# Solved: Word and Excel 2007 compile error in hidden module



## kabal02 (Mar 21, 2008)

First of all, my boss is running MS Office 2007 on Vista Ultimate. Both Word and Excel create error messages upon startup, but not closing. Here are the messages.

Excel 2007
"Compile error in hidden module: ThisWorkbook"

Word 2007
"Compile error in hidden module: uifunctions"

I've looked at all of the threads from this forum and other forums, even the microsoft support site but can't seem to find what is going on. I've searched for both pdfmaker files and found nothing, tried looking at the references after going into Visual Basic from both Word and Excel. There is only one add-in on there and it is Nitro PDF Professional, but it doesn't show up in the list that can be unchecked. I'm wondering if this started because we just recently updated to the newest version of Nitro PDF, 5.3.2.3. But he was having trouble with it, so he rolled back to version 5.3.0.14. Oh yeah, I've also tried the Office detect and repair, but it didn't come up with anything either...big surprise. 

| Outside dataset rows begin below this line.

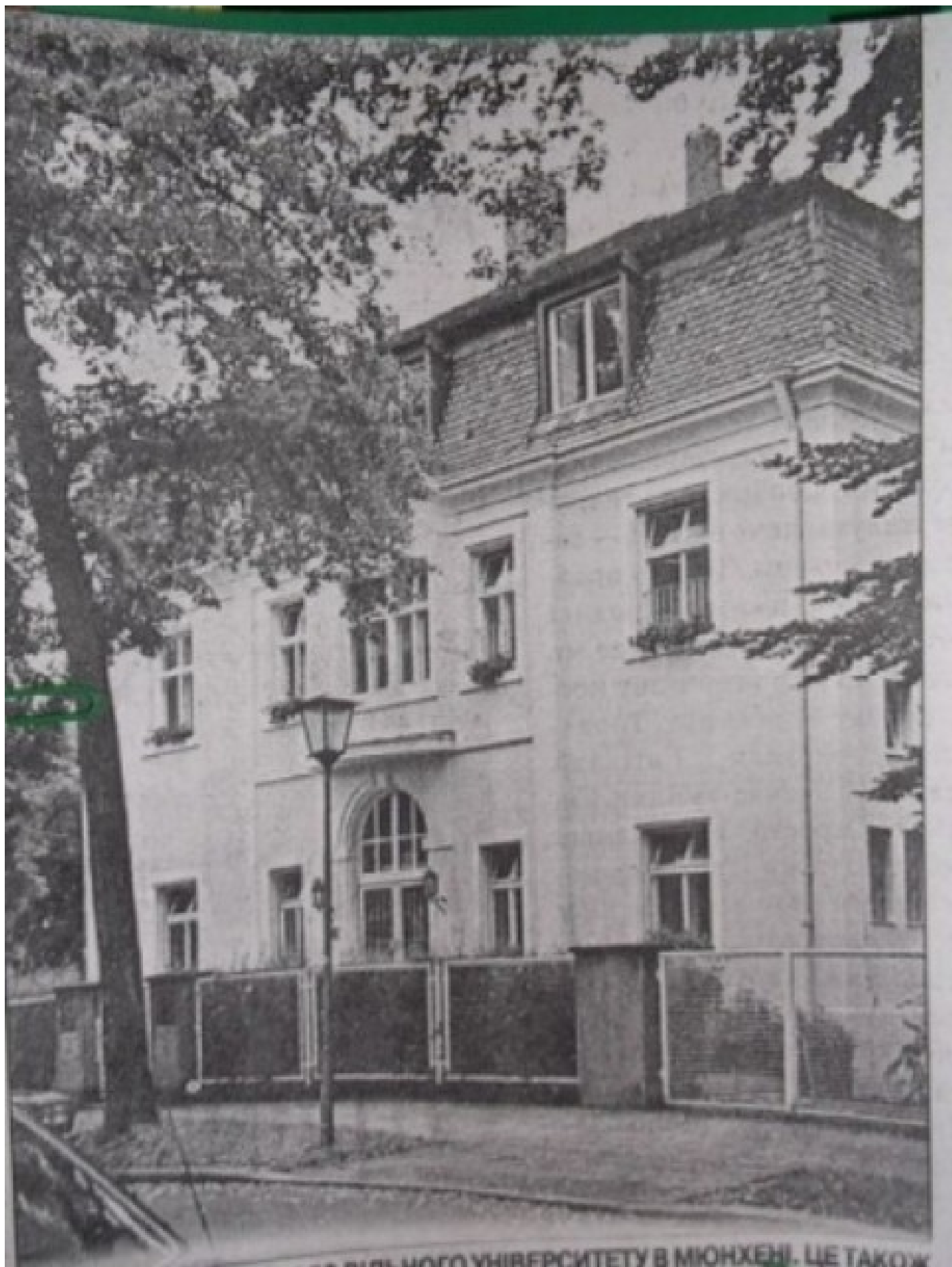
...НОГО УНИВЕРСИТЕТУ В МЮХЕНЕ. ЦЕ ТАКОЖ
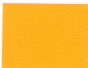
yellow 3522004 (1 l)
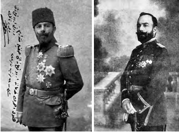
Cemal Paşa'ya dair iki fotoğraf

Thanks for any help in advance


----------



## kabal02 (Mar 21, 2008)

Well, it was a problem with Nitro PDF, just not exactly sure how. It was reinstalled without updating to the latest version. It looks like something with the new version messed with the add-ins for ThisWorkbook and uifunctions for Excel and Word respectively.


----------



## kevin.croft (Jun 18, 2008)

Hi there

This error is caused in some cases by older addins still lurking around when you updated your your copy of Nitro PDF Pro. To Fix this simply uninstall completely using the Nitro Clean Up Utility and then install 5.3.3.6.

http://www.nitropdf.com/professional/support/resources/nitro_cleanup.zip

Once you have downloaded the utility simply unzip and run the RUNME.bat file. This will remove all things Nitro. Since you are a VISTA user you will have to right click the RUNME.bat and select "Run as administrator".

http://www.nitropdf.com/professional/builds/nitro_pdf_professional.exe

If you need more assistance head to the Nitro Support Webpage:

http://www.nitropdf.com/professional/support/index.asp

Cheers


----------



## nickleburn (Jul 8, 2008)

Hello Kabal02, Kevin.croft,

Just stumbled across this forum after allot of dead ends, thanks for the link to the Nitro cleaner!! Ran it now my ""compile error in hidden module:" issues are now resolved!

Thanks,
Chris


----------